The 20-week-ban “may actually be a bigger threat to the pro-choice movement—a ban on abortion after 20 weeks, with no exceptions for rape, incest, or fetal anomaly, and only very limited exceptions for a woman’s health,” wrote Emily Crockett for Vox.
“Even if Kasich has let the six-week ban become law, it would have had no chance of surviving the inevitable, immediate court challenge that would follow,” she wrote. “But the 20-week ban might survive in court, and could eventually be taken up by the Supreme Court. And if it did, it would directly challenge Roe v. Wade.”
With its “fetal pain” law, Ohio joined 12 other states that have banned abortion after 20 weeks—technically, a few weeks before the viability deadline. The laws lean on the idea that unborn children are capable of feeling pain at 20 weeks. This week, it became the 10th state to ban abortion through a procedure known as dilation and evacuation or “D&E.”
No state has successfully implemented a ban as early as Ohio’s heartbeat law, which would be the most restrictive abortion policy in the country if adopted by the next administration.
The incremental approach to stopping abortion has been effective—231 abortion restrictions were enacted in 27 states from 2011 to 2014, according to the Guttmacher Institute. The abortion rate in the United States is now the lowest since Roe v. Wade was decided in 1973. Last month, the Centers for Disease Control reported that abortions fell 24 percent from 2006 to 2015.
Pro-lifers on various levels have disagreed over whether to continue relying on incrementalism or to take stronger moral stands on abortion regulations. When the pro-life “born alive” bill—protecting babies who survive abortion attempts—passed in the US House of Representatives a year ago, some advocates were disappointed the legislature hadn’t taken up a less popular national heartbeat bill.
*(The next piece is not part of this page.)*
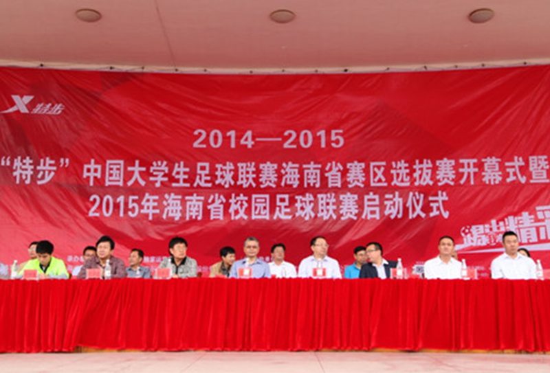 2015年3月24日, 2014—2015“特步”中国老员工足球联赛海南省赛区选拔赛开幕式暨2015年海南省校园足球联赛启动仪式在tyc522cc太阳成集团海甸校区举行。海南省教育厅副厅长孔令德、tyc522cc太阳成集团副董事长傅国华、海南省教育厅体卫处处长卢刚、特步(中国)有限公司代表黄辉嘎等人出席大赛开幕式。

The Christian group Operation Rescue had blamed NRLC for supporting the born-alive bill over the heartbeat bill, calling it “the one obstacle standing in the way of protecting nearly a million children” and “no greater betrayal of innocent blood since Judas.”
“It is not true that National Right to Life has blocked congressional consideration of the heartbeat bill. Nor is it true to say that National Right to Life lobbied congressional leadership against the heartbeat bill,” said Carol Tobias, NRLC president. “National Right to Life does not oppose the heartbeat bill. Divisiveness and attacks on fellow pro-lifers does not save babies.”
Tobias previously praised the US House of Representatives for passing the Pain-Capable Unborn Child Protection Act in 2013. Meanwhile the flagship pro-life group, which counts more than 3,000 chapters in all 50 states, jettisoned Georgia Right to Life for encouraging state senators to vote against the bill because it contained exceptions allowing later abortions in dire circumstances.
Some, including CT, argue that instead of contested medical findings, resistance to abortion should be based on the inherent dignity of the personhood of the child.
“If we have any historical memory, we know science is a fickle handmaiden,” wrote former CT managing editor Katelyn Beaty.
“We don't wish this to be true, but research may soon confirm that unborn babies can't experience pain until much later in development. Meanwhile, abortion providers could find ways to perform ‘pain-free’ abortions. Of course, in these cases we would still vehemently oppose the abortion, because we believe it takes a life, not just a life that feels pain.”
Following the Ohio legislature’s failure to override Kasich’s veto, “Ohio Right to Life is prepared to support the current pro-life organizations working tirelessly to pass the heartbeat bill during the next General Assembly in 2019,” the group stated.
“We will partner with Greater Toledo Right to Life, Cleveland Right to Life, Right to Life of Greater Cincinnati and others to get the heartbeat bill to Governor-elect Mike DeWine’s desk. We make this public commitment today.”